What you will do:
Set down exactly the lines from the first line of the records through the line that contains "- Arborant d'un", and leave every picture out.

--- Recorded data ---

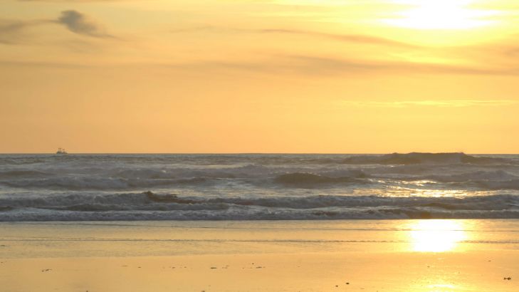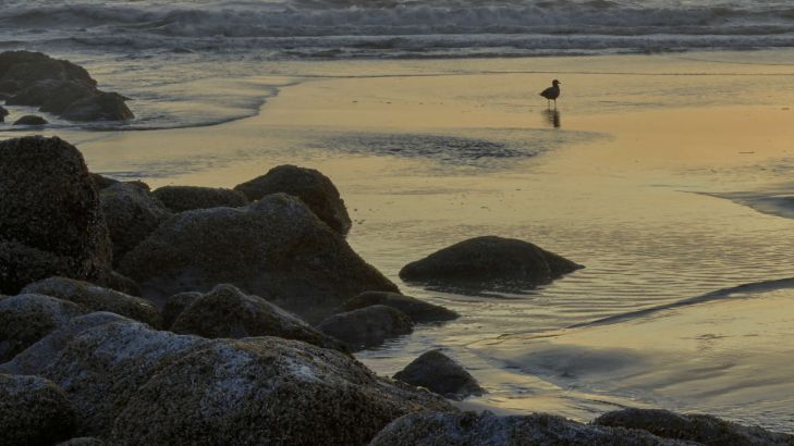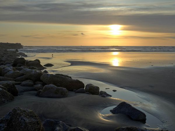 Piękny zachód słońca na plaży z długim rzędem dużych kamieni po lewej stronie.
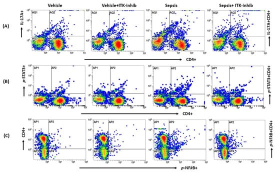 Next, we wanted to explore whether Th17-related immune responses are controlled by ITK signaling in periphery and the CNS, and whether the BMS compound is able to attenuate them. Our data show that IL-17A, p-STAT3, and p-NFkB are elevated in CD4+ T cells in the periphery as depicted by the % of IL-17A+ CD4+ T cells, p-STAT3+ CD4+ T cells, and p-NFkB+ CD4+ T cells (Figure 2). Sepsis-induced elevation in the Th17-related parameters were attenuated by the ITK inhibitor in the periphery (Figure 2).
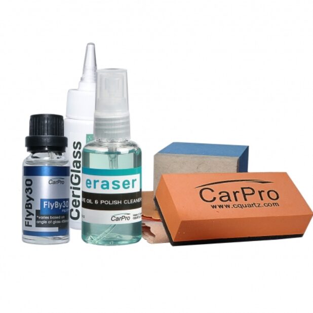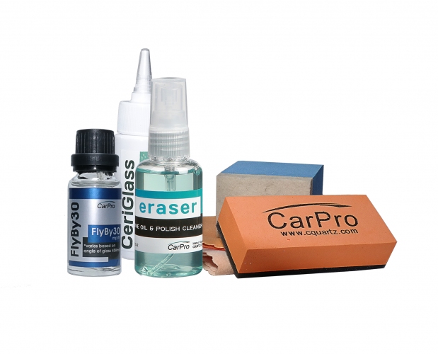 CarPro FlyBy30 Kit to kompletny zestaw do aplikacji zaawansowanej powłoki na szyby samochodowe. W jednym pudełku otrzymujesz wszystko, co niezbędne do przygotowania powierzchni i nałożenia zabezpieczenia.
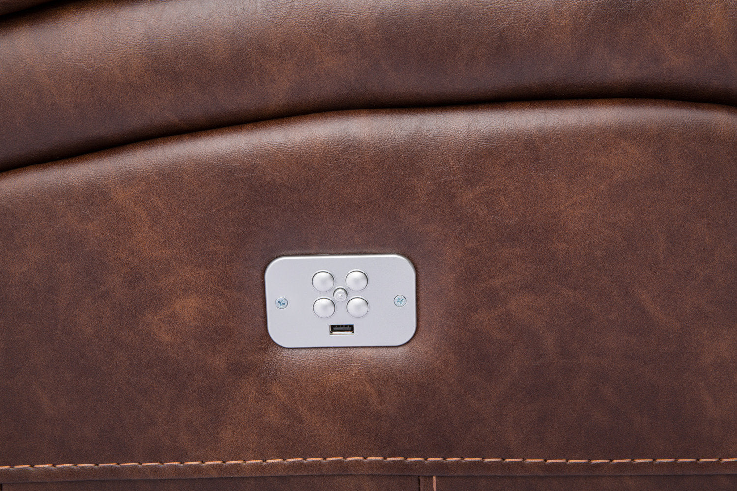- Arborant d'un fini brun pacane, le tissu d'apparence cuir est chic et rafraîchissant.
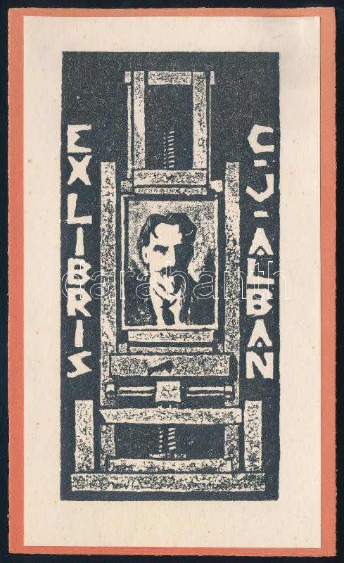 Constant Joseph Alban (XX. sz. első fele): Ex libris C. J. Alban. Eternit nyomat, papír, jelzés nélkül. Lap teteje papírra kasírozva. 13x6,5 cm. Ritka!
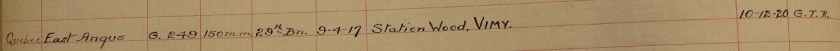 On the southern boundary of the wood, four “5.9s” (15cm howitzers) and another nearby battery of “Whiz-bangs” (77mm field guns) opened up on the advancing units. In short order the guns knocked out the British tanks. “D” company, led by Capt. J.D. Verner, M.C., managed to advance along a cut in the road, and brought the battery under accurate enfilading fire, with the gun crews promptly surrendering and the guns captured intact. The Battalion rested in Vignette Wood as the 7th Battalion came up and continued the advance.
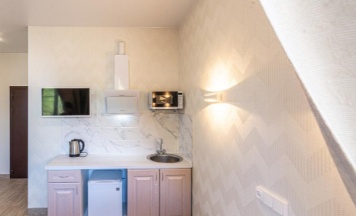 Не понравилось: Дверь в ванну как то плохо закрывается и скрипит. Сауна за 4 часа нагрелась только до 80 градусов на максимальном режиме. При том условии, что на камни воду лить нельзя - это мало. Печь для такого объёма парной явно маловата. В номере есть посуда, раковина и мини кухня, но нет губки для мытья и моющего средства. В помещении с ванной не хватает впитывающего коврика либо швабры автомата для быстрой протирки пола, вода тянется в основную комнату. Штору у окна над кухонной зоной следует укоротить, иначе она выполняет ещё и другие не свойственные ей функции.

---

Task solution:
 Piękny zachód słońca na plaży z długim rzędem dużych kamieni po lewej stronie.
 Next, we wanted to explore whether Th17-related immune responses are controlled by ITK signaling in periphery and the CNS, and whether the BMS compound is able to attenuate them. Our data show that IL-17A, p-STAT3, and p-NFkB are elevated in CD4+ T cells in the periphery as depicted by the % of IL-17A+ CD4+ T cells, p-STAT3+ CD4+ T cells, and p-NFkB+ CD4+ T cells (Figure 2). Sepsis-induced elevation in the Th17-related parameters were attenuated by the ITK inhibitor in the periphery (Figure 2).
 CarPro FlyBy30 Kit to kompletny zestaw do aplikacji zaawansowanej powłoki na szyby samochodowe. W jednym pudełku otrzymujesz wszystko, co niezbędne do przygotowania powierzchni i nałożenia zabezpieczenia.
- Arborant d'un fini brun pacane, le tissu d'apparence cuir est chic et rafraîchissant.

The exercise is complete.